La puesta en valor de estas prácticas en la actualidad ha encontrado un poco más de apoyo en Jiquilpan que durante las décadas en que se abandonaban, particularmente por el contexto de ambiciones para turismo cultural. Pero interesantemente, la crecida importancia de la práctica religiosa entre la población y la presencia simbólica de símbolos cristeros durante estos eventos, no recibieron la atención central cuando Jiquilpan empezó a promoverse como destino turístico. Aunque reconocieron ciertos potenciales de turismo religioso encadenados con historias de otros lugares como Sahuayo y Cotija, las autoridades justificaron su atractivo patrimonial propio con base en su legado cívico. Específicamente, los beneficios obtenidos por gestiones de Lázaro Cárdenas y por el capital simbólico, en el sentido de Bourdieu, que heredó a su pueblo natal. Su herencia más conocida es la material, que incluye bibliotecas, edificios de instituciones públicas, monumentos, murales y un diseño completo de imagen urbana. Asimismo, varios de los productos artesanales que la ciudad promueve turísticamente también tienen una relación intermediada por Cárdenas. La sericicultura y un incipiente renacimiento de la pasada industria rebocera, por ejemplo, fueron gestionados por el entonces presidente (García 1987, pp. 185191). De la misma manera el desarrollo técnico en agricultura, avances en recopilación de historia oral y oferta cultural actualmente se ofrecen desde instituciones hospedadas en infraestructura originalmente cardenista.
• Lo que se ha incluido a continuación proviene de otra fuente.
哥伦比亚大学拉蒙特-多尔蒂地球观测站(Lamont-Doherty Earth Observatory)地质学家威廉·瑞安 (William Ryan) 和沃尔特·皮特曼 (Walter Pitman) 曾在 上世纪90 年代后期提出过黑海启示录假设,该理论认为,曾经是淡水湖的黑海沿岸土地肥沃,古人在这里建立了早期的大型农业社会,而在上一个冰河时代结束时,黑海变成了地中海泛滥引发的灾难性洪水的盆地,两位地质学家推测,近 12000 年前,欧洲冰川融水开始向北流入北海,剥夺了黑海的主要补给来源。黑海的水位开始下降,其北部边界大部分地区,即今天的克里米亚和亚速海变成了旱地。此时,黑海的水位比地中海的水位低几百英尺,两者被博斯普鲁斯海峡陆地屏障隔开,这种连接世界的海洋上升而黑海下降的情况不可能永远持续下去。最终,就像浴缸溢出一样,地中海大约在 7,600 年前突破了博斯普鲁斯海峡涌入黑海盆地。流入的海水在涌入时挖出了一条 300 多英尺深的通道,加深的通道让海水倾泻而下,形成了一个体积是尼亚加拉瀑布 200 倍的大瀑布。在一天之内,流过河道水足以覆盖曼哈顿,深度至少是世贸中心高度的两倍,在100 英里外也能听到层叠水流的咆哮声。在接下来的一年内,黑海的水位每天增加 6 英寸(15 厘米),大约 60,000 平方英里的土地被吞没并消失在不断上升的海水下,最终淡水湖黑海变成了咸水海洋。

JIQUILPAN, LA GUERRA CRISTERA Y POSTRIMERÍAS CARDENISTAS
Recuentan historiadores que “La memoria jiquilpense le da a la cristiada en la región explicaciones propias; queda el amargo sabor de lo injusto, sensación de que fue víctima y no protagonista” (Ramos y Rueda 1994, p. 419). Sin contribuir elementos a la causa religiosa que peleó media década contra fuerzas militares desde 1926, Jiquilpan tampoco aportó grandes contribuciones a las fuerzas federales prefiriendo más bien la estrategia de defensa comunitaria. Antecedentes a ello fue la organización entre civiles para proteger su comunidad de bandoleros infames, como Inés Chávez García, una década antes. Pero su mínima participación no evitó necesariamente exponer sus pobladores a sangrientas muestras de lo que ocurría en la región. Cuerpos colgados de
XXXIII Symposium ICOMOS Mexicano, Coatepec, Octubre 2013 árboles o desmembrados en caminos rurales, actividades religiosas clandestinas, sospechas y cuestionamientos a veces injustos por parte de autoridades invadieron la cotidianeidad del pueblo.
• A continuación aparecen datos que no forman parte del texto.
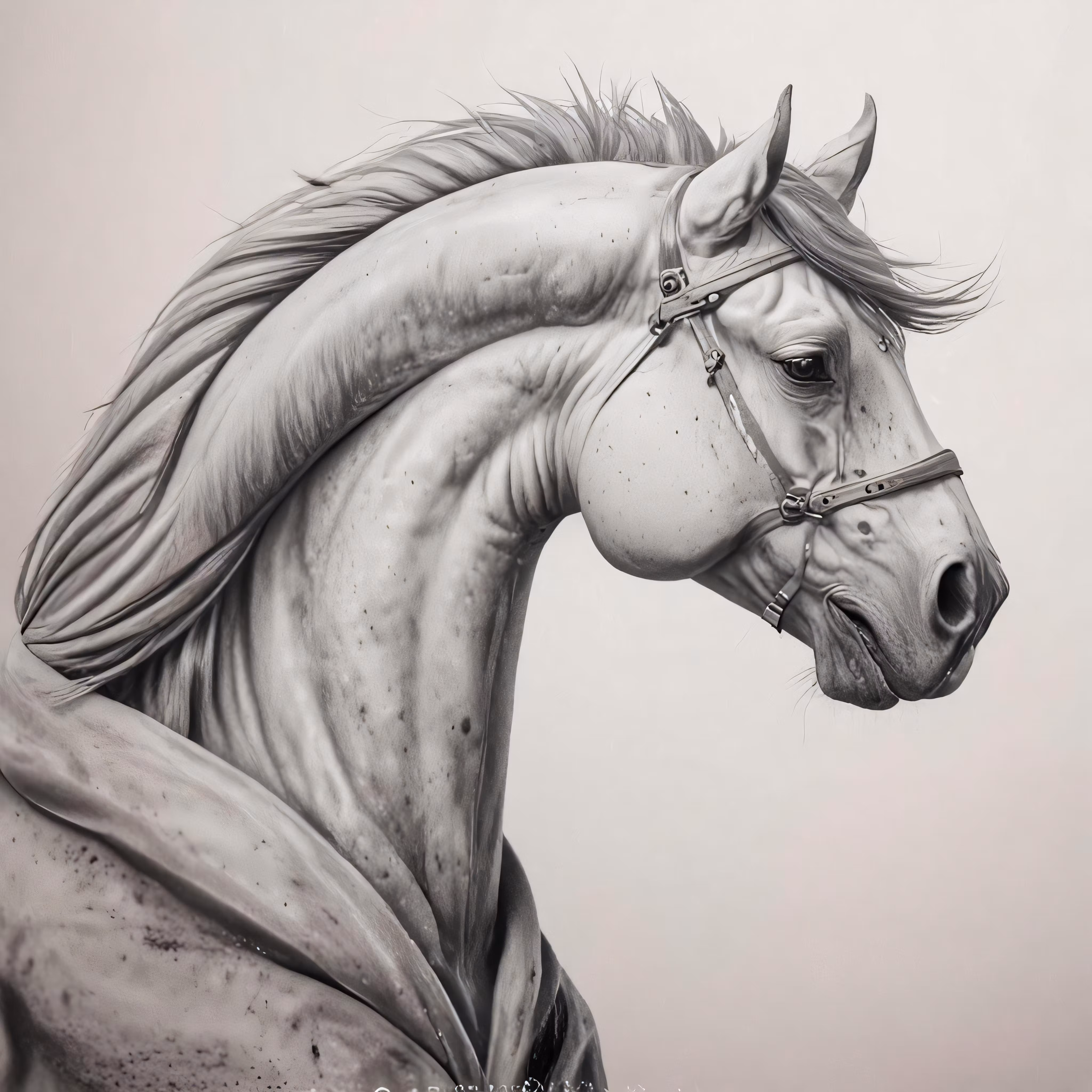 High resolution picture, free to use, a white horse with an intricate mane in a drawing

La Guerra Cristera fue un conflicto entre un movimiento popular de católicos radicalizados, en su mayoría campesinos pobres, incitados por líderes religiosos en contra de fuerzas federales. En el meollo estaban reformas constitucionales que promovían un Estado laico en México y un Estado que regulaba la vida interna de organizaciones religiosas. El proceso puede considerarse efecto colateral de diferencias irresueltas que surgieron tras la Revolución mexicana de 1910. Antecedentes inmediatos incluían choques entre partidos político-religiosos con organismos paraestatales como la Confederación Regional de Obreros Mexicanos (CROM) y la Federación Anticlerical Mexicana que incluso llegaron a formar una “iglesia” propia para competir con la apostólica (Gutiérrez 2007, p. 123). Tras brotes aislados de choques iniciales entre bandos en lugares como el estado de Jalisco, los enfrentamientos se generalizaron a todo el país. El proceso cobró indeterminadas muertes, algunos estudios estimando hasta un cuarto de millón de personas (Danés 2008, p. 82).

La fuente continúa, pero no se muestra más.